Al pasar junto a la casa, vio por el hueco de la ventana la extraña silueta de un
hombre. El hombre estaba sentado en medio del cuarto, ante una mesa cubierta
de papeles; apoyando los codos en la mesa y la cabeza en las manos, hundía sus
dedos en el pelo. Un poco al costado, una vela colocada sobre la mesa daba a la
mitad de su cara un resplandor amarillento y cadavérico. El hombre tenía los ojos
clavados en el hueco negro de la ventana. Un observador de más años y sangre
fría hubiese discernido en aquella mirada cierto recelo, pero al muchacho le
pareció inánime. Creyó que el hombre estaba muerto.

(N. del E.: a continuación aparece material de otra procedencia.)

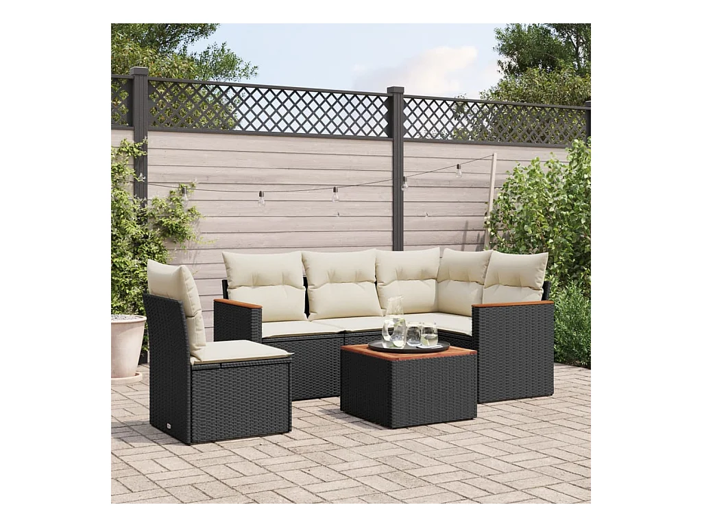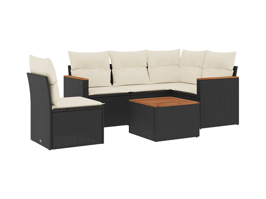 Set Divano da Giardino 6 pz con Cuscini Nero in Polyrattan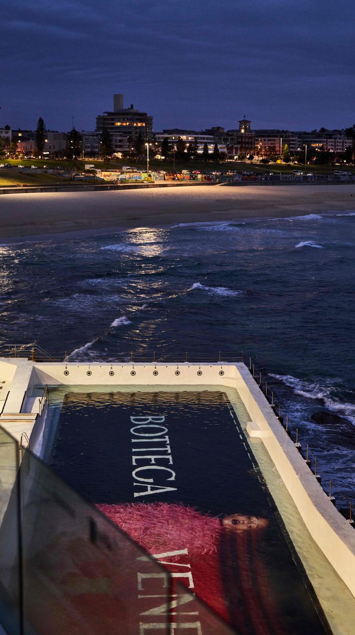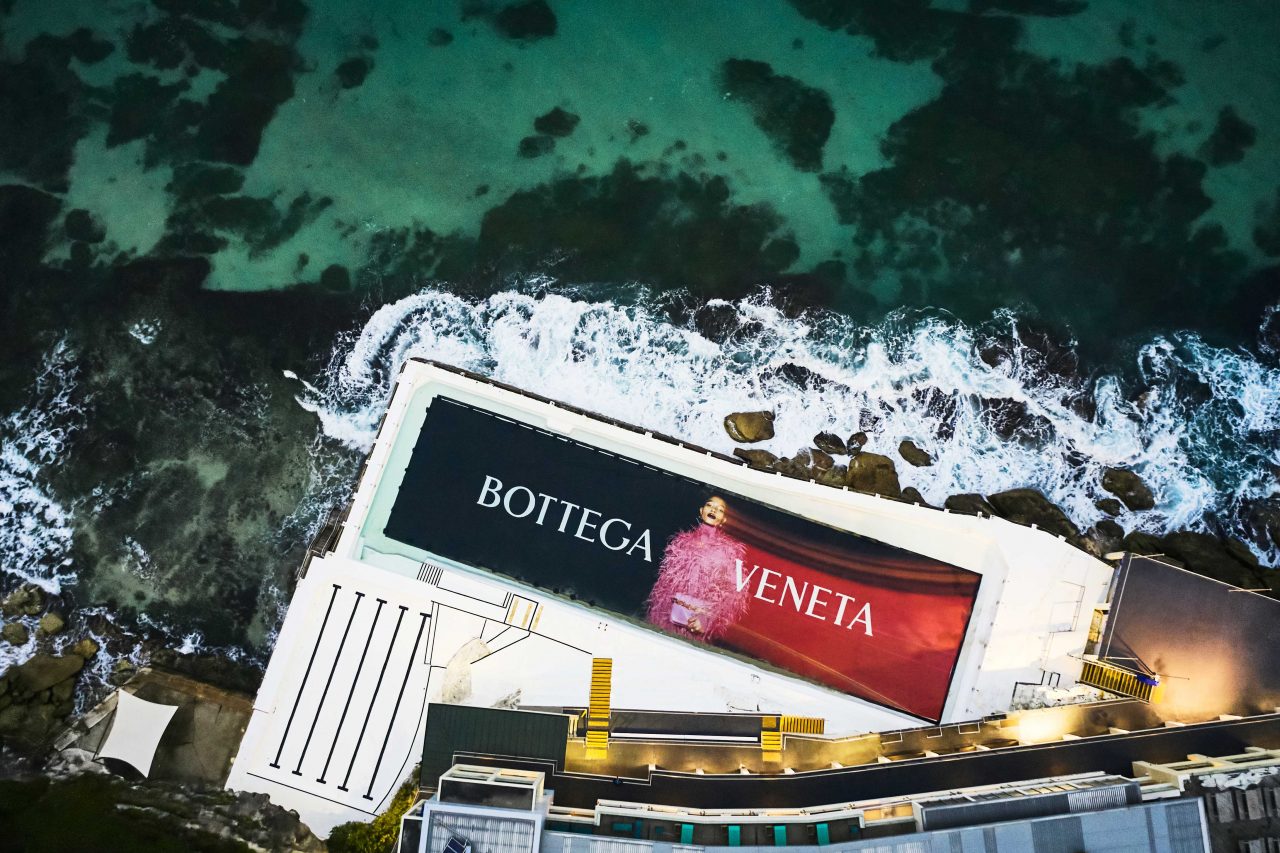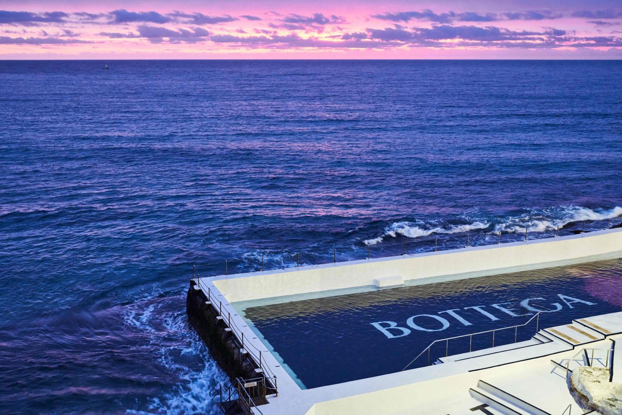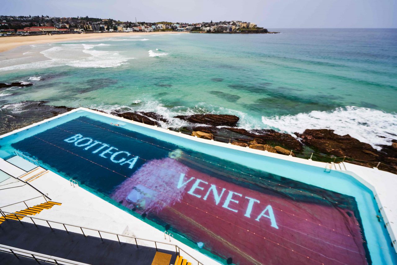 是次 Bottega Veneta 選擇在澳洲悉尼最具標誌性的海灘之一邦迪海灘 (Bondi Beach) 的 Bondi Icebergs 露天游泳池底部,展示了品牌最新 廣告,照片由倫敦時尚攝影師 Tyrone Lebon 拍攝,以 Dede Mansro 為主角,穿上 Salon 02 系列的服飾。此外,品牌又在位於悉尼的輕軌和墨爾本輕軌的電車外,抹以醒目的斑馬紋設計,再一次以創意形式 「take over」 了這座城市。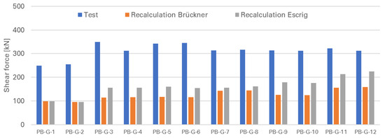 In Figure 14 (PB-G) and Figure 15 (PB-S), the experimental and calculated shear capacities according to Brückner [11] and Escrig [34] are presented. It should be noted that the approach described by [34] allows for higher load-bearing capacities in the strengthened components of the PB-G series. For the PB-S series, the calculated load capacities are generally at a similar level, with the exception of the two-layer strengthened components PB-S-11/-12. In the case of the two-layer test configuration, lower load capacities are achieved using the Escrig [34] approach. Both models significantly underestimate the experimental shear capacities.
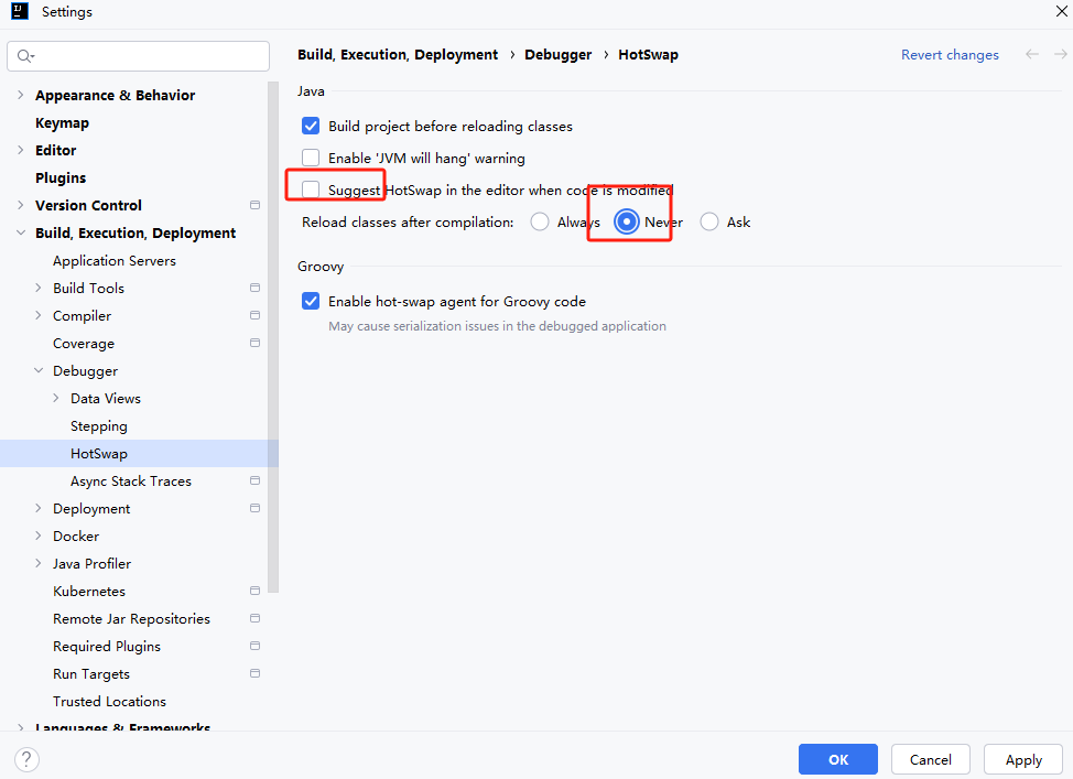 调试模式:HotSwap通常在调试模式下使用,开发者可以在IDE中设置断点并进行代码更改。

Aunque horrible, la situación no dejaba de ser fascinante. El muchacho se detuvo
para verlo todo. Conteniendo el aliento, por poco sofocado, logró apaciguar los
latidos de su corazón. Temblaba, estaba a punto de desmayarse, sentía la sangre
helarse en sus venas. Sin embargo, apretando los dientes, avanzó resueltamente
hasta la casa. No lo llevaba ningún propósito consciente, sino el mero coraje que
nace del miedo. Introdujo se cara pálida en el hueco iluminado, y en ese instante
un grito áspero, un chillido, rompió el silencio de la noche. Era una lechuza. El
hombre se puso bruscamente de pie, volteó la mesa y apagó la vela. (…)
Ambrose Bierce, (fragmento)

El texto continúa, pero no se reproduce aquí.